Wohnen für alle

Mieter*innen eines denkmalgeschützten Wohnblocks mit 527 Wohnungen im Kreuzberger Milieuschutzgebiet
demonstrierten Ende März 2019 gegen den Verkauf ihrer Wohnungen

Foto: Christian Ditsch


Die Europäische Bürgerinitiative „Housing for All“ fordert eine soziale Wohnungspolitik

Von Werner Rügemer

Selbst der Internationale Währungsfonds (IWF) in Washington, gewiss kein Kapitalismus-Kritiker, warnt: Die Explosion der Wohnungsmieten und Wohnungspreise in den Städten der reichen Staaten gefährdet die wirtschaftliche Entwicklung. 60 Prozent Mietsteigerung seit einem Jahrzehnt. Die Erfüllung von „basic needs“, der Grundbedürfnisse für die Mehrheit der Menschen, nämlich auskömmliche Arbeit, gesunde Ernährung, sicheres Wohnen, ist gefährdet, so der IWF. Mit anderen Worten: Es geht um die elementaren Menschenrechte.

Die Immobilienspekulation in den USA hatte 2008 die Finanz- und Wirtschaftskrise ausgelöst. Trotzdem wurden Banken und Investoren nicht an die Kandare genommen, im Gegenteil. Der größte Kapitalorganisator der westlichen Welt, BlackRock, berät die Zentralbanken, auch die Europäische Zentralbank (EZB).
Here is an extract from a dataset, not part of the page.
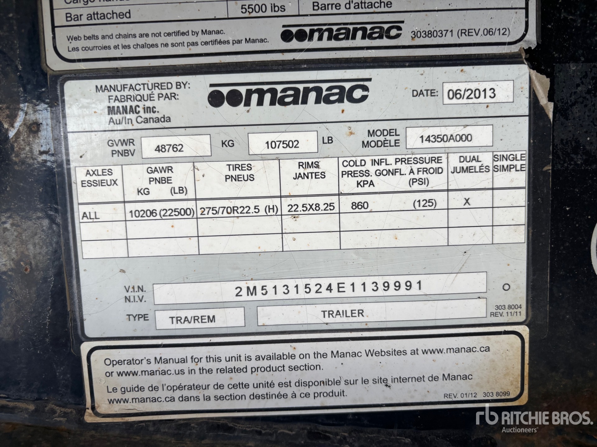 機械の詳細情報は範囲に制限があり、Ritchie Bros. Auctioneersは、ここに明記するもの以外の設備やコンポーメントの検査は行っていません。特に明記されていない限り、明示的または黙示的かにかかわらず、Ritchie Bros.は機械やそのコンポーネントに関する一切の責任を負わないものとします。機能性、快適性、あるいは関係官庁や規制機関が定める安全基準や要件に関する準拠性、特定目的への適合性、または商品性に関する表明や保証も含まれますが、これらに限るわけではありません。お客様には入札される前に必ず機械の検品を行うことをお勧めします。
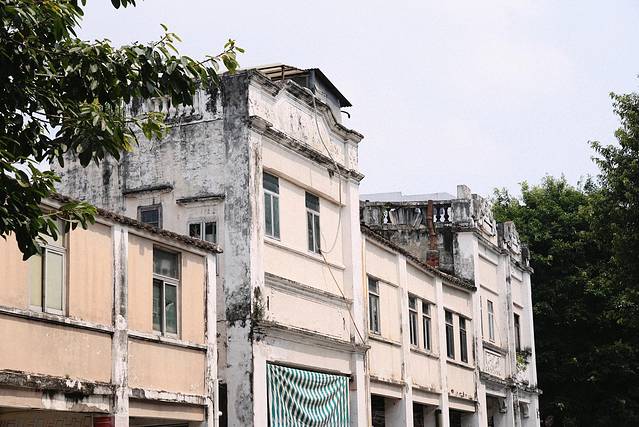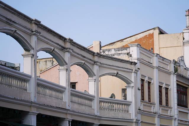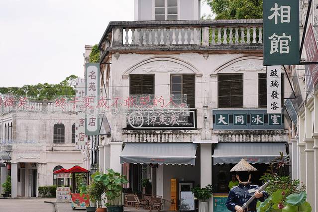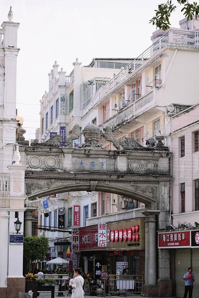 这些骑楼风格整齐划一,颜色多为淡雅素净,木雕、灰塑等建筑艺术保留的非常完好,加以植物的点缀,让颇经岁月洗礼的老建筑焕发着一种生机和活力。所有的骑楼建筑一楼,如今都已规划成为了店铺,售卖食品、服饰以及各类旅游纪念品,时不时传来的声响与这条历史上著名的商街有了时光的呼应。甚至不需要做什么攻略,沿着这条街的一头走到另一头,就会有许多建筑、雕塑让我不自觉地停下脚步,频繁地按下手中的快门。

Und die gaben BlackRock&Co üppige Kredite zum Nullzins, damit unter anderem in Deutschland mit Vonovia, Deutsche Wohnen, LEG und TAG in wenigen Jahren die größten Wohnungskonzerne zusammenkauft werden konnten. Berlin, München, Warschau, Barcelona, Stockholm, Salzburg – gezielt werden in den „Schwarmstädten“ Wohnungen aufgekauft, wo ­ohnehin schon Wohnungsnot herrscht und wo noch mehr Menschen zuziehen.

Und die Mieten steigen immer weiter

Die „Konservativen“ unter Margret Thatcher in Großbritannien haben in der EU, der Europäischen Union, den Anfang ­gemacht. Die CDU/CSU/FDP-Regierung unter Kanzler Helmut Kohl, CDU, hat die Gemeinnützigkeit der Wohnungsgenossenschaften aufgehoben, hat die Eigenbedarfskündigung der Wohnungskäufer eingeführt, hat in ihrem Privatisierungswahn die Eisenbahnerwohnungen verkauft. Dann holte die SPD/Grüne-Regierung unter Kanzler Gerhard Schröder, SPD, die „Heuschrecken“ Fortress, Cerberus, Permira, Whitehall ins Land. Und schließlich kamen mit Bundeskanzlerin Angela Merkel, CDU, die ganz Großen wie BlackRock.

Gleichzeitig haben die Regierungen in der gesamten EU den sozialen Wohnungsbau zurückgefahren. Die EU schränkte die Kreditaufnahme der Mitgliedsstaaten ein. Und zugleich lassen die Unternehmen die Arbeitseinkommen stagnieren, auch mithilfe der EU-weit nachgeahmten vier deutschen Hartz-Gesetze. Mit der Digitalisierung werden jetzt noch mehr prekäre Arbeitsverhältnisse geschaffen, während die Mieten steigen, auch für die gesuchten „Fachkräfte“ und für das ­Personal in Krankenhäusern und in den öffentlichen Verwaltungen.

Da kommt nun aus Wien, der europäischen Stadt mit den meisten öffentlichen Wohnungen, der Anstoß: Wir starten eine europaweite Bürgerinitiative, weil Wohnen ein Menschenrecht ist. Bereits im März 2019 gründeten sieben Bürger*innen aus Österreich, Kroatien, Spanien, Portugal, Schweden, Zypern und Deutschland die Europäische Bürgerinitiative „Housing for All!“, „Wohnen für alle“. „Wir müssen der Spekulation mit Wohnraum radikal entgegentreten. Das zerstört unsere Gesellschaft, das ist der ­Boden der radikalen Rechten in Europa! Da müssen wir ein Zeichen setzen“, sagt die Sprecherin der Initiative.